Fall Once Had A Different Name
We may now call it fall, but once upon a time, the season that comes after summer but before winter was referred to simply as harvest.
An old name for fall
According to the written record, harvest is the earliest name for the third season of the year. It’s found in Old English as hærfest, a word of Germanic stock, perhaps with underlying, ancient sense of “picking, plucking.”
The use of harvest specifically for the season fell out of use, becoming used more generally for when ripened crops are, well, harvested—gathered for processing and winter storage, roughly between August and November.
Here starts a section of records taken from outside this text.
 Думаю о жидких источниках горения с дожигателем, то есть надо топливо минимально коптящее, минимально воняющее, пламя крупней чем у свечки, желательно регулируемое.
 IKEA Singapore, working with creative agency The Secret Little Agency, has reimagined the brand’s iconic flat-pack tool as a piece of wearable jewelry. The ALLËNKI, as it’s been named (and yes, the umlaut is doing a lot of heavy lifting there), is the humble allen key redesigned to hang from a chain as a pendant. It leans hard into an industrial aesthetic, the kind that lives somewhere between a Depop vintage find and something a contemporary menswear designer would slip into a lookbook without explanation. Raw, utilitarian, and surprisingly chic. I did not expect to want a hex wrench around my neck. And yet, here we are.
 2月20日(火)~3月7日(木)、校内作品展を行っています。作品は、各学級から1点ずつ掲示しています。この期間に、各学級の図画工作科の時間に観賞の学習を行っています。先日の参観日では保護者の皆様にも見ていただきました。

Harvest can also refer to those ripened, gathered crops themselves.
Astronomically, the season lasts from the end of September until December (around the 21st of each month), between the autumnal equinox and the winter solstice in the Northern Hemisphere.
Why do we call it fall?
We have evidence for fall, as the name of the third season of the year, in the 1500s. It appears to come the notion of the falling of the leaves during this time of year, when deciduous trees shed their leaves.
Like harvest, fall is found in Old English, from Germanic roots, and its sense largely stayed the same. Now, fall was common in England until about the end of the 1600s, when it was ousted by autumn.
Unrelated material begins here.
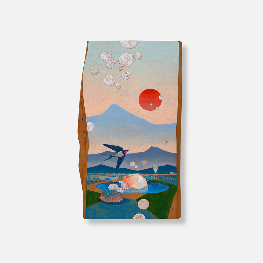 - 《漂浮島》92x55cm 壓克力彩、肖楠木 2023~2024
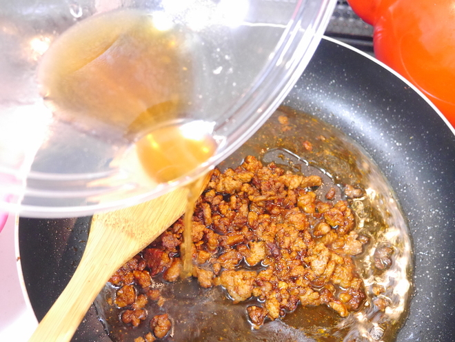 - 下準備Ⅲで用意した合わせ調味料を入れ、混ぜる。

Recorded as early as the late 1300s, autumn is from the French autompne and Latin autumnus, whose deeper roots are obscure. Chaucer and Shakespeare both used it in their works, notably.
Now, American English speakers use both fall and autumn, though fall became more common in the US by the late 1800s. Speakers of British English largely use autumn.
Fall provides a nice foil to its opposite season, spring (from the idea of the spring of the leaf). It gives us the helpful reminder, “Spring ahead, fall back,” when we get confused about our clocks on daylight savings.